Это было в столовой за утренним кофе, Лансье развернул газету и вдруг с необычным для него волнением закричал:
— Русские нас предали!
Марселина испугалась, никогда прежде она не видала, чтобы газета вывела из себя мужа; если он и делился с другими членами семьи новостями, то были это театральные сплетни или забавные истории о том, как плодовитая канадка родила пятерню. А теперь Лансье был чрезвычайно возбужден. Марселина хорошо знала, что означает этот тонкий голос, переходящий в визг.
Мадо подошла к отцу:
— Что ты сказал?
— То, что сказал. Они сговорились с немцами.
— Этого не может быть…
— Пожалуйста… Телеграмма Гаваса из Москвы.

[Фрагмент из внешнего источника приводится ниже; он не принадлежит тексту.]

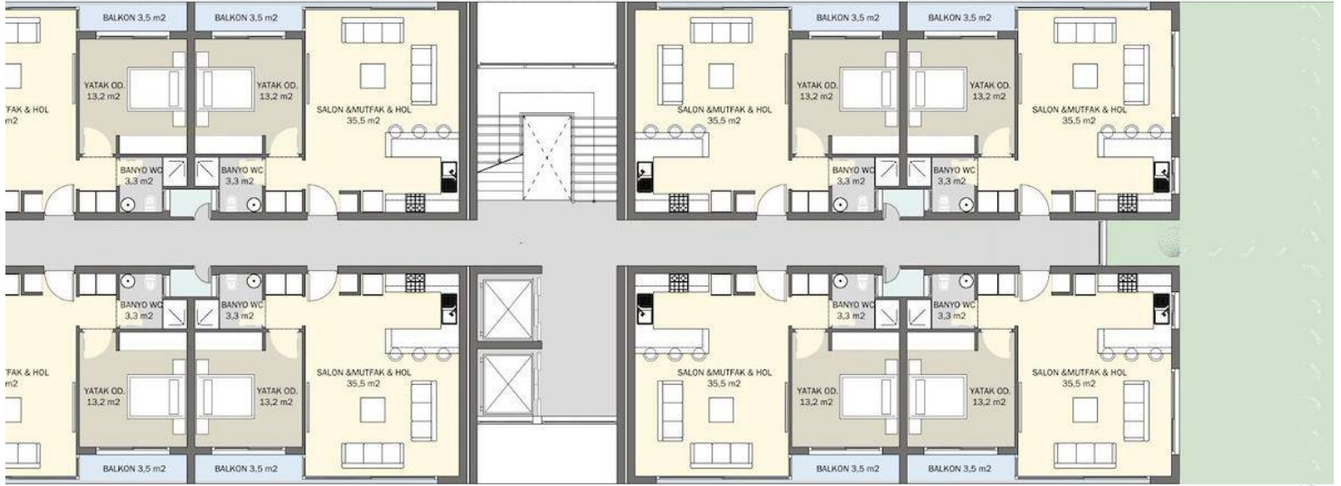
B BLOK TİP KAT PLANI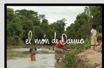
“El món de Darma”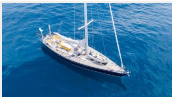
Fifty Fifty CNB yacht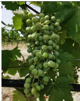
Greco Bianco – Riace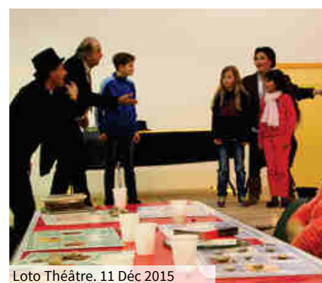
Loto Théâtre. 11 Déc 2015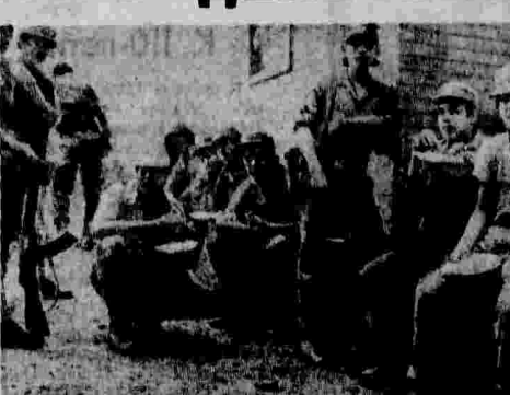
После того, как Гайана решила воспринять Гайану, которая была поддержана рядом государств — членом Карибского сообщества (КАРИКОМ), указал он, Вашингтон предпринял попытку исключить страну из регионального политико-экономического группировки. Эта попытка потерпела провал, однако оккупационные власти США широко клеветническая кампания против Гайаны продолжается.

канский авансонец «Джон Ф. Кеннеди». МАНАГУА, 15. (ТАСС). Администрация Рейгана проплатила Грешу и его семье контракт на подготовку к вооруженной войне в карибской стране, заявил бывший министр юстиции Грэнды, председатель руководящего комитета патриотического движения имени Мартина Лютера Кинга Рейдлин. В интервью журналу «Соборная» он указал, что оккупационные власти США пытаются вытравить идеалы революционных идеалов движения ДЖУЭЛ.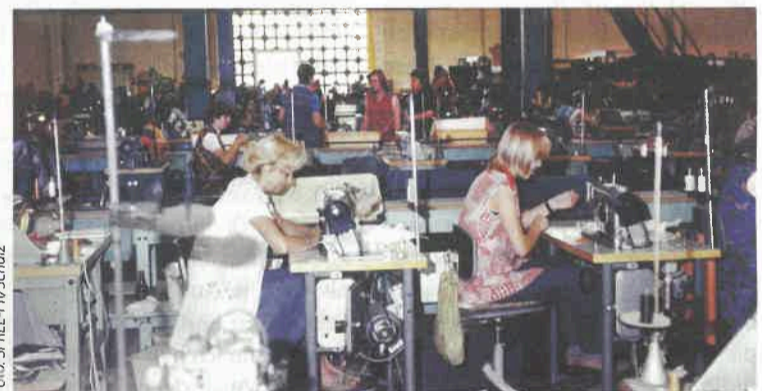
Einblick in den Produktionsalltag: In der einstigen Schwedter Schuhfabrik arbeiteten bis zur politischen Wende mehr als 500 Menschen.

Erst Tabak, Seife, Papier, später wurden hier Schuhe produziert, die erdölverarbeitende Industrie zog ein – allein in den letzten 150 Jahren hat sich die kleine Stadt an der Oder unzählige Male neu erfunden. Ein virtueller Stadtpaziergang zeigt, wie sich Schwedt nach wirtschaftlichen und politischen Umbrüchen verändert hat.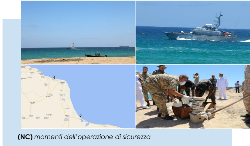
(NC) momenti dell'operazione di sicurezza

(NC) EVENTO – (MISURATA): il 16 luglio, la Libyan Navy Coast Guard (LNCG) del GUN, ha condotto operazioni di sicurezza con pattugliamenti nel Golfo di SIRTE, nell'area marittima compresa tra BUERAT, MISURATA e DAFINIYAH, mediante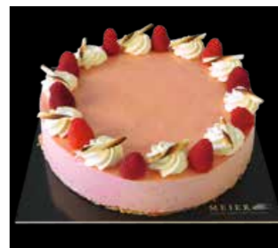
HIMBEER QUARK TORTE

18 cm Fr. 28.00 24 cm Fr. 47.00 Carré 26 x 40 cm Fr. 97.00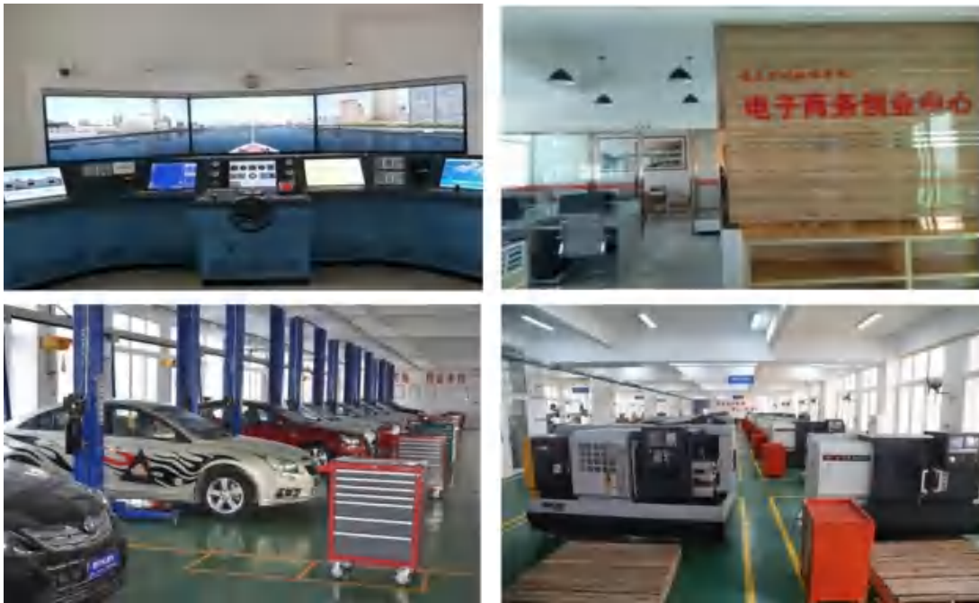
图 8 校内实训基地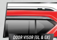
DOOR VISOR (GL & GX)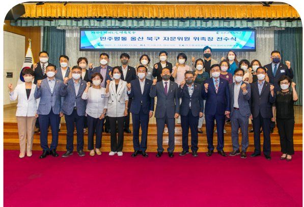
민주평통 자문위원 위촉(22.07.19)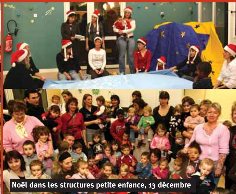
Noël dans les structures petite enfance, 13 décembre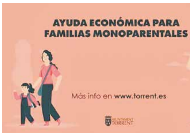
Cartell anunciador de les ajudes en qüestió.

La finalitat del programa es centra de manera exclusiva en el finançament de conceptes domèstics de primera necessitat. Entre les despeses que l'administració municipi-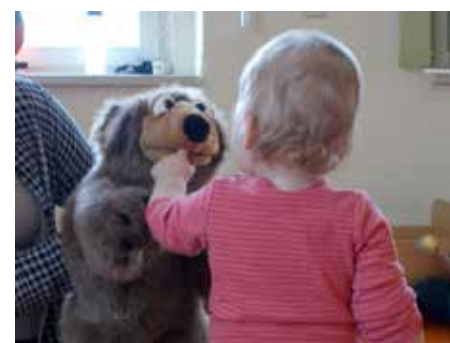
Bruno, der Bär begleitet unsere kleinsten Kinder mit Sprachangeboten durch den Alltag.

Wir bedanken uns, bei unseren Eltern und Unterstützern, bei allen Spielzeug- und Sachenspendern, bei unseren Partnern und beim Träger und unserer lieben Vorlese-Omi.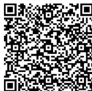
Kommentarfunktion in Word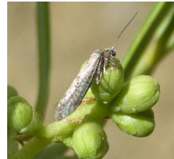
Teigne de l'olivier, papillon adulte

Pour plus d'informations, consultez la page sur la teigne sur le site de France Olive . Vous pouvez également consulter l'article dédié dans le Nouvel Olivier N°127.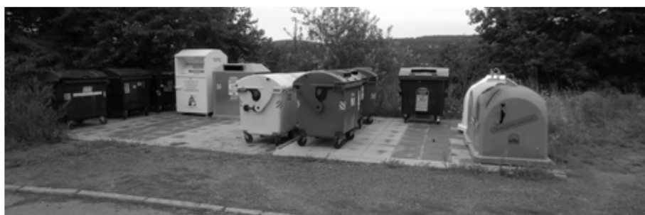
Nově upravené stanoviště kontejnerů na Sídlišti, kde je kompletní nabídka možnosti třídění.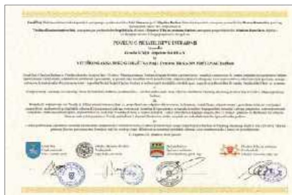
Slika 24. Povelja o prijateljstvu i suradnji Grada Sinja i Općine Barban te Viteškog alkarskog društva Sinj i Društva Trka na prstenac Barban

O uvanju i nastavku tradicije održavanja ovih dviju konji kih igara svakako pridonose i ina ice koje su se razvile po njihovu uzoru. Tako su se razvile mototrke i morske trke na prstenac, dje je alke i razvojem suvremene tehnologije robotrke i roboti ka alka.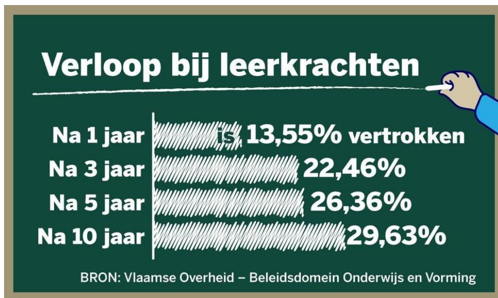
Figuur 1: Verloop bij leerkrachten in het Vlaamse onderwijs

Zoals geïllustreerd in Figuur 1 wordt het tekort groter doordat een kwart van de leerkrachten het onderwijs binnen de vijf jaar verlaat (Frederix & De Wilde, 2024; Nelisse, 2024). Vooral in het secundair onderwijs zijn de cijfers hoog: in het lager secundair onderwijs vertrekken 3 op de 10 leerkrachten, in het hoger secundair onderwijs verlaten 4 op de 10 leerkrachten het onderwijs (Nelisse, 2024), mede omdat hoogopgeleide leerkrachten ook elders op de arbeidsmarkt terecht kunnen (Frederix & De Wilde, 2024; Nelisse, 2024).

Мадо молча ушла к себе. Она еще слышала визг отца, возмущенный голос Луи: «Я этого от них не ожидал. Во всяком случае, это не поступок спортсмена»… Мадо казалось, что они говорят о Сергее. Неправда, этого не может быть! Он отверг любовь во имя своей идеи, разговаривал с Мадо и вдруг кидался к газете… А сколько раз он говорил, что будет воина, нужно разбить фашистов…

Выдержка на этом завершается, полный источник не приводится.